Work instructions:
Give back each entry unchanged, minus pictures.

** Stored data follows **

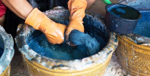 Before the weaving of any saree, the cotton yarns are dyed into desired colours. It is the process by which the natural silk yarns or cotton yarns are separated from the bundle and dipped into a soap solution, the required dye is mixed into this solution and the yarns are further dipped to absorb the colour and are kept for some time. Then the yarns are taken out and with a rod the excess of water is squeezed out from the dyed yarn. The dyed yarns are kept under the sun to dry.
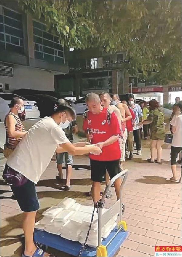 去年夏天,老朱和儿子到街上向困难群众免费派饭。 受访者供图
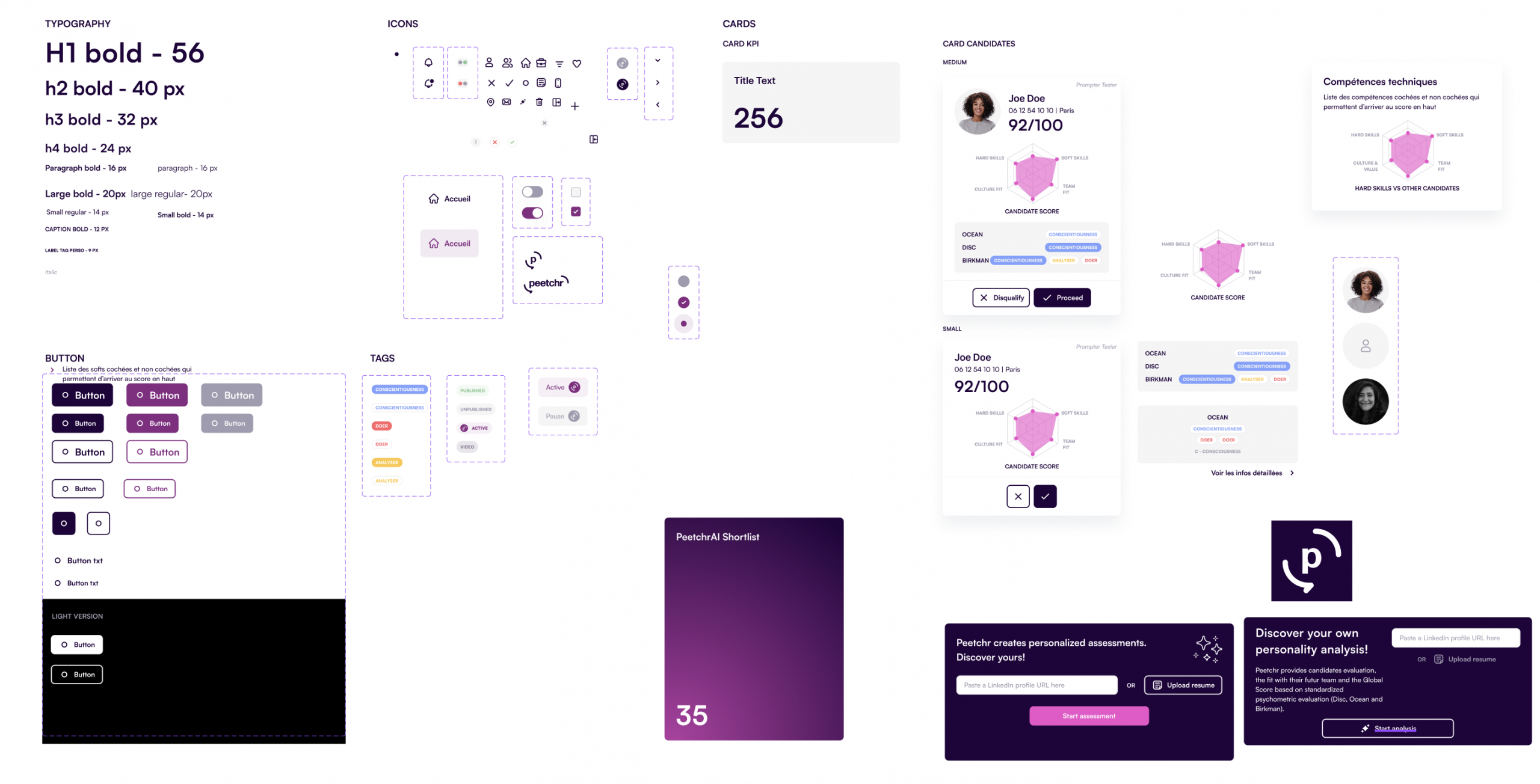 In collaboration with UI Designer Yaelle Cannamela, we developed a new brand identity that would feel both professional and human. It led us to create the first design system for Peetchr.
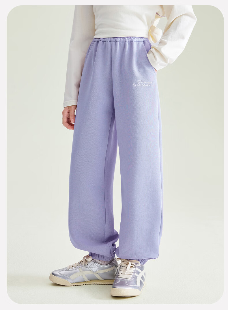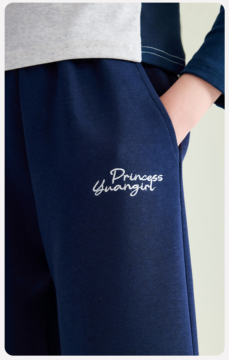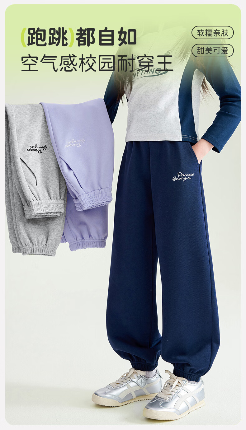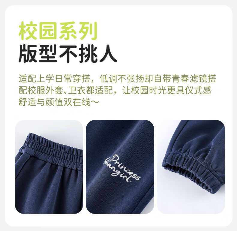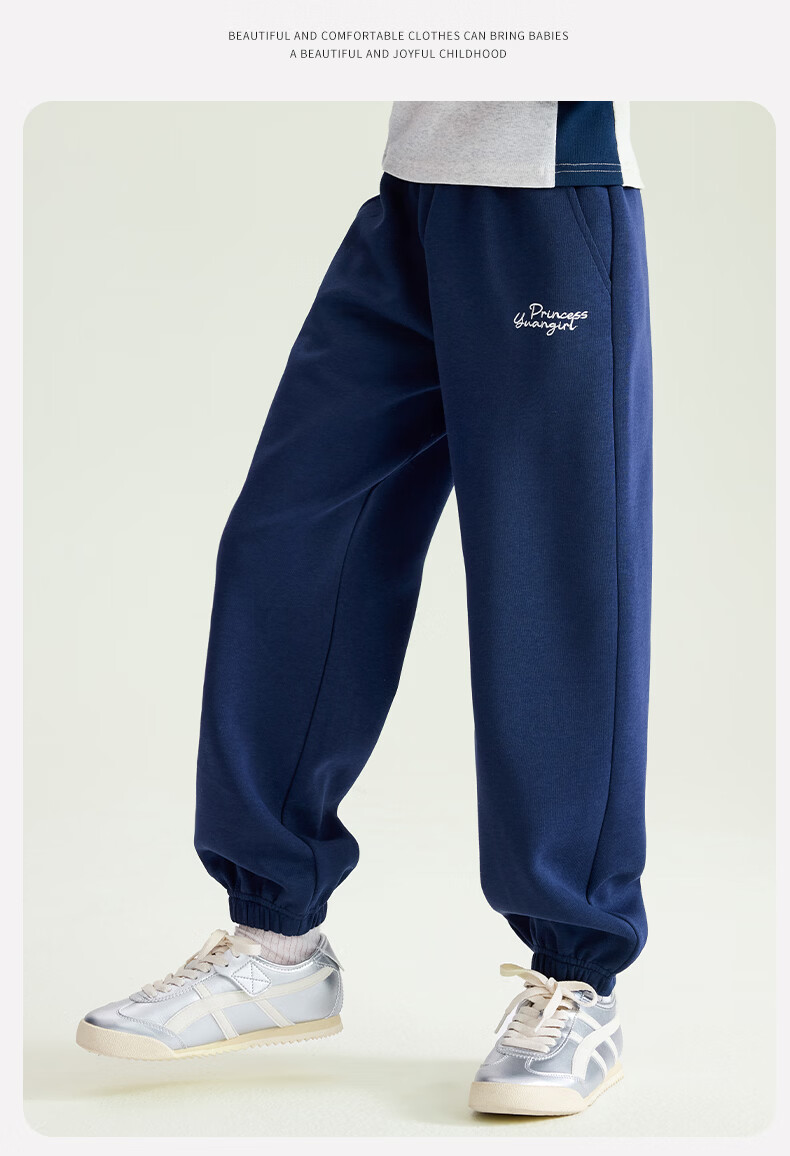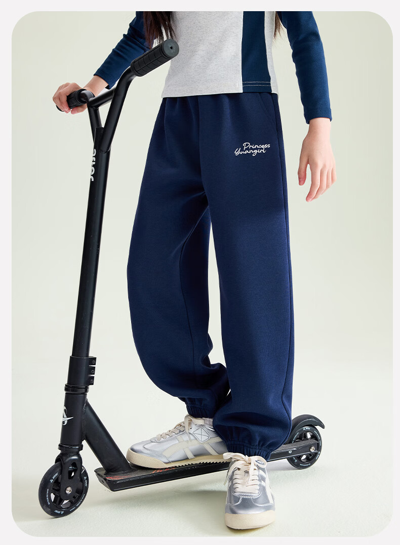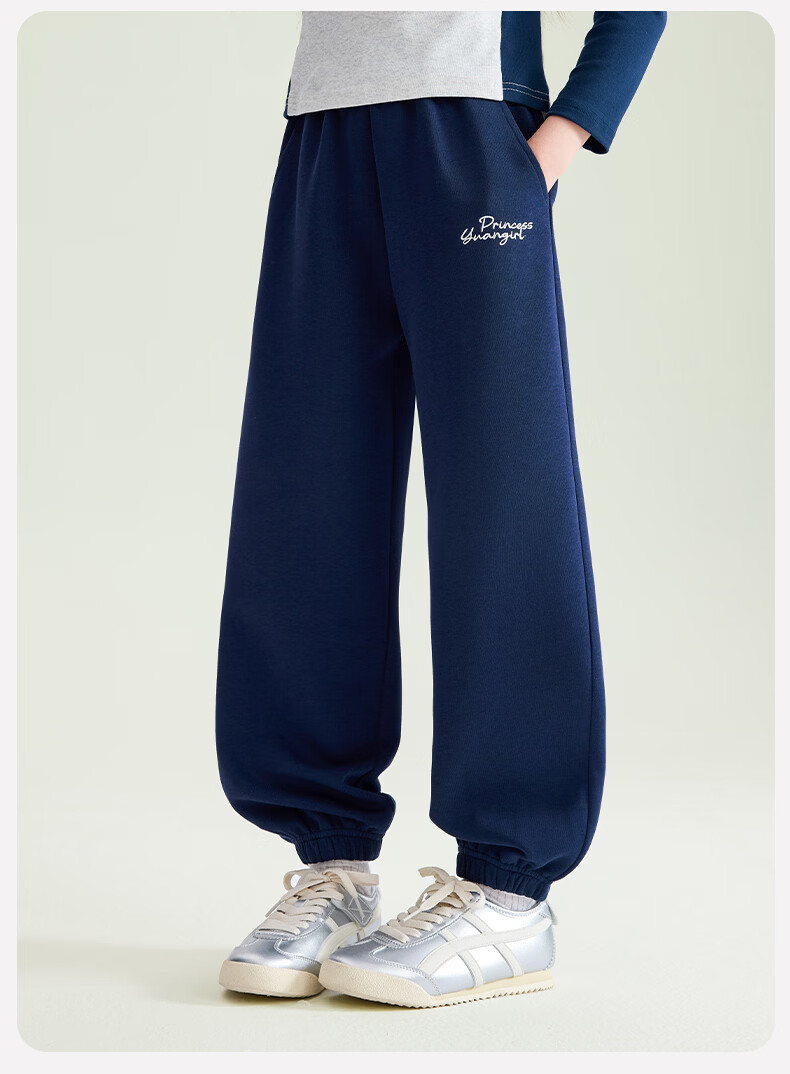 媛媛公主【校服神器运动裤】儿童裤子春秋女童针织束脚裤中大童百搭休闲裤 藏青色 110
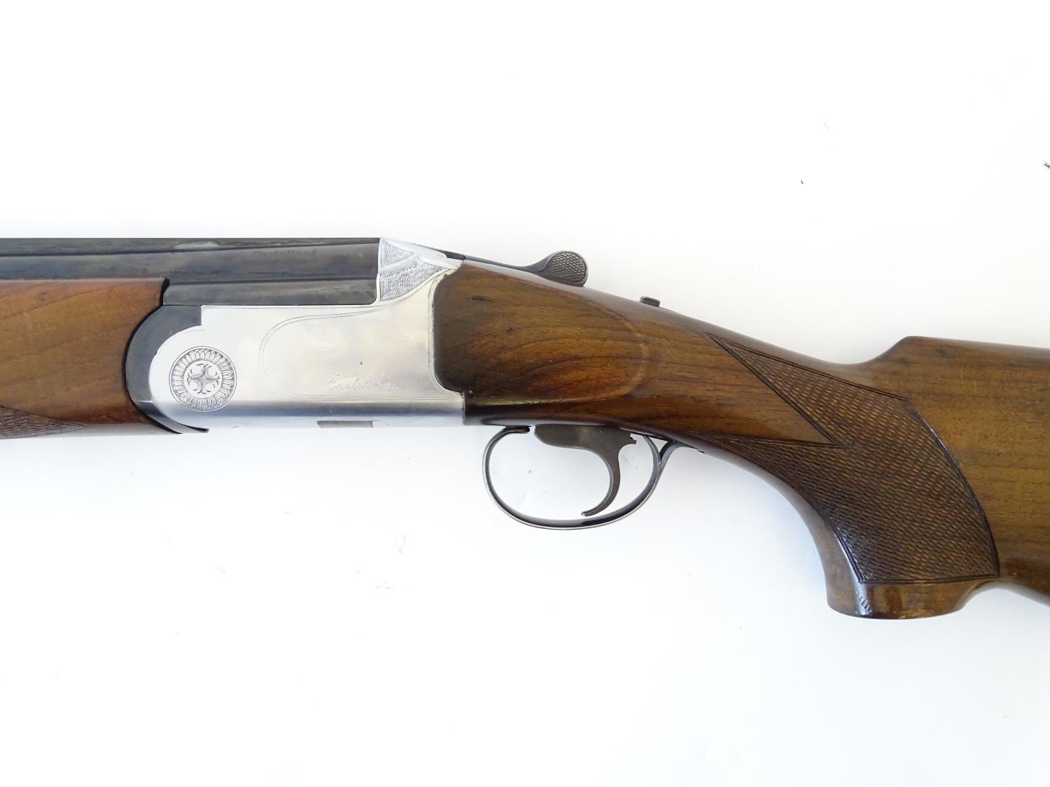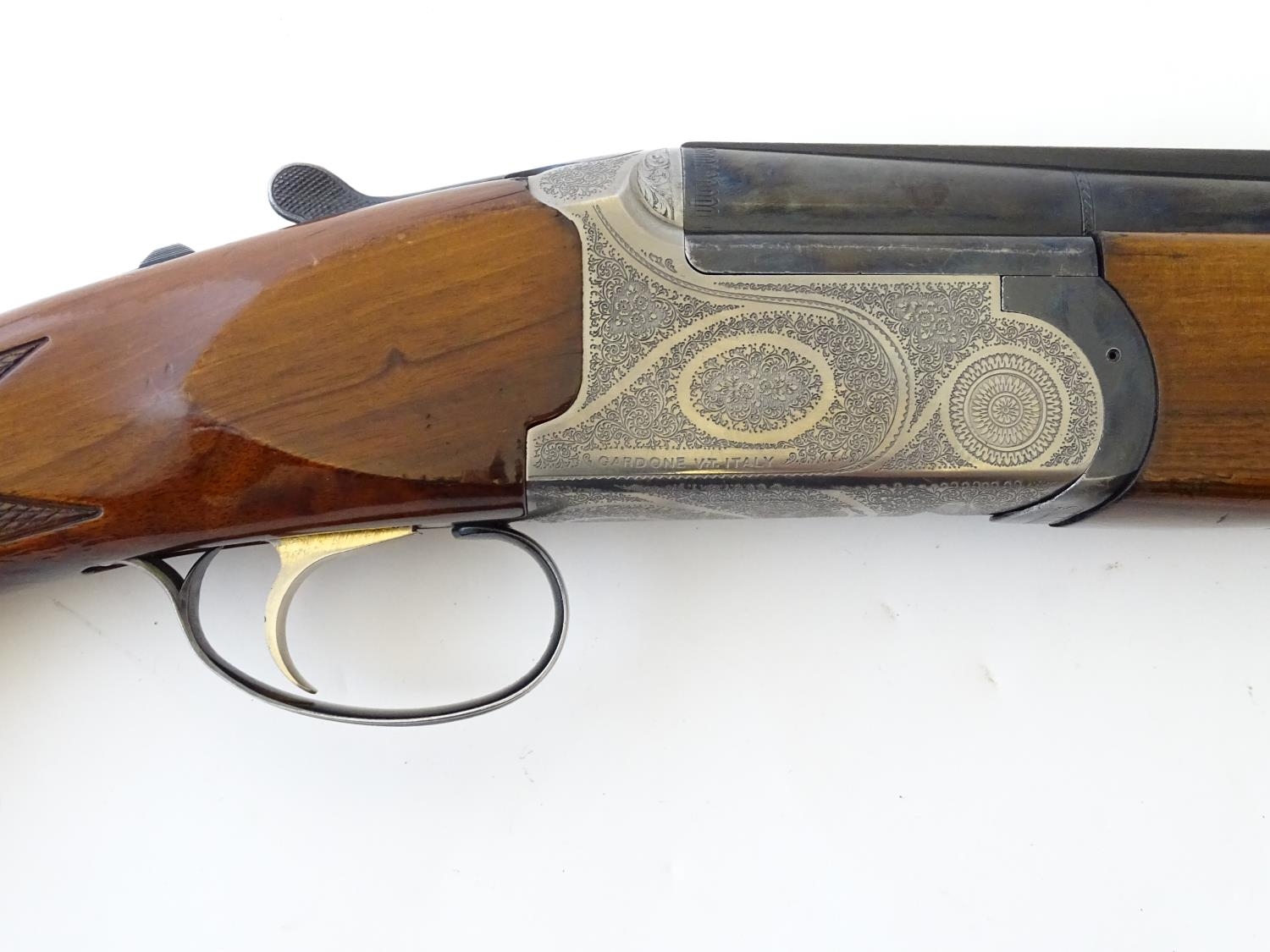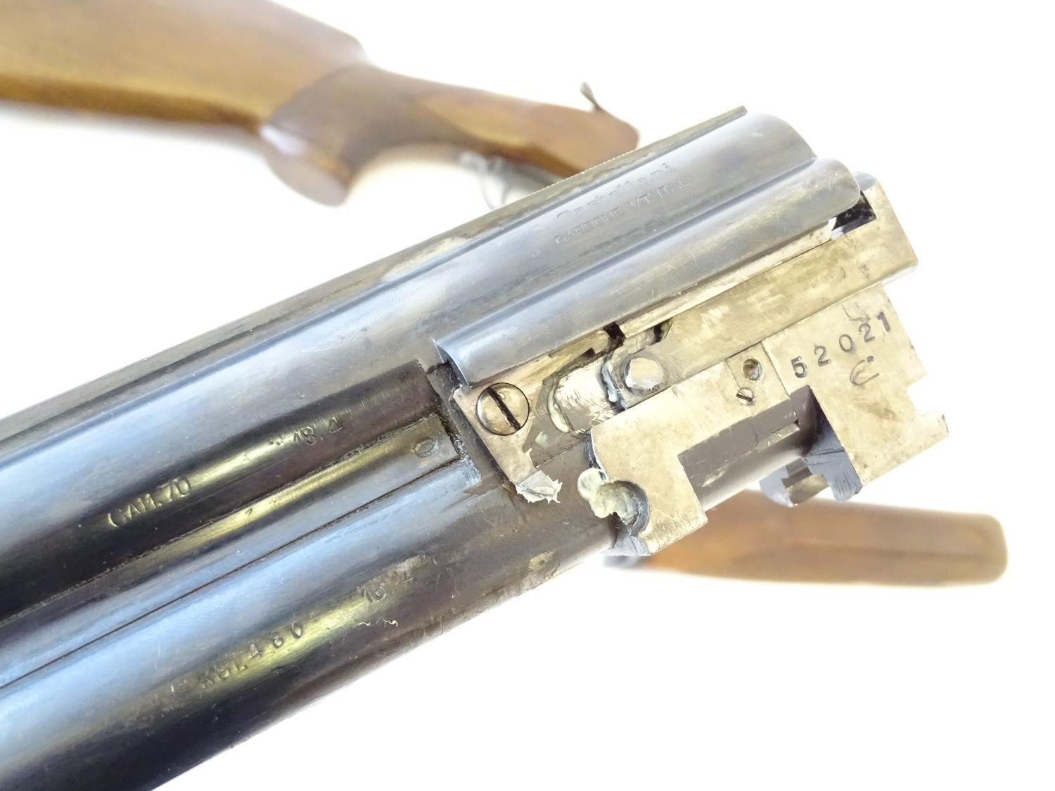 Shotgun: a Castellani 'Star Vega' 12 bore over and under ejector shotgun, single trigger, walnut pistolgrip stock with 14" LOP (including ebonite cap), 27 5/8" barrels with ventilated ribs and 2 3/4" chambers. Serial number 52021

** End of Stored data **

Result:
 Before the weaving of any saree, the cotton yarns are dyed into desired colours. It is the process by which the natural silk yarns or cotton yarns are separated from the bundle and dipped into a soap solution, the required dye is mixed into this solution and the yarns are further dipped to absorb the colour and are kept for some time. Then the yarns are taken out and with a rod the excess of water is squeezed out from the dyed yarn. The dyed yarns are kept under the sun to dry.
 去年夏天,老朱和儿子到街上向困难群众免费派饭。 受访者供图
 In collaboration with UI Designer Yaelle Cannamela, we developed a new brand identity that would feel both professional and human. It led us to create the first design system for Peetchr.
 媛媛公主【校服神器运动裤】儿童裤子春秋女童针织束脚裤中大童百搭休闲裤 藏青色 110
 Shotgun: a Castellani 'Star Vega' 12 bore over and under ejector shotgun, single trigger, walnut pistolgrip stock with 14" LOP (including ebonite cap), 27 5/8" barrels with ventilated ribs and 2 3/4" chambers. Serial number 52021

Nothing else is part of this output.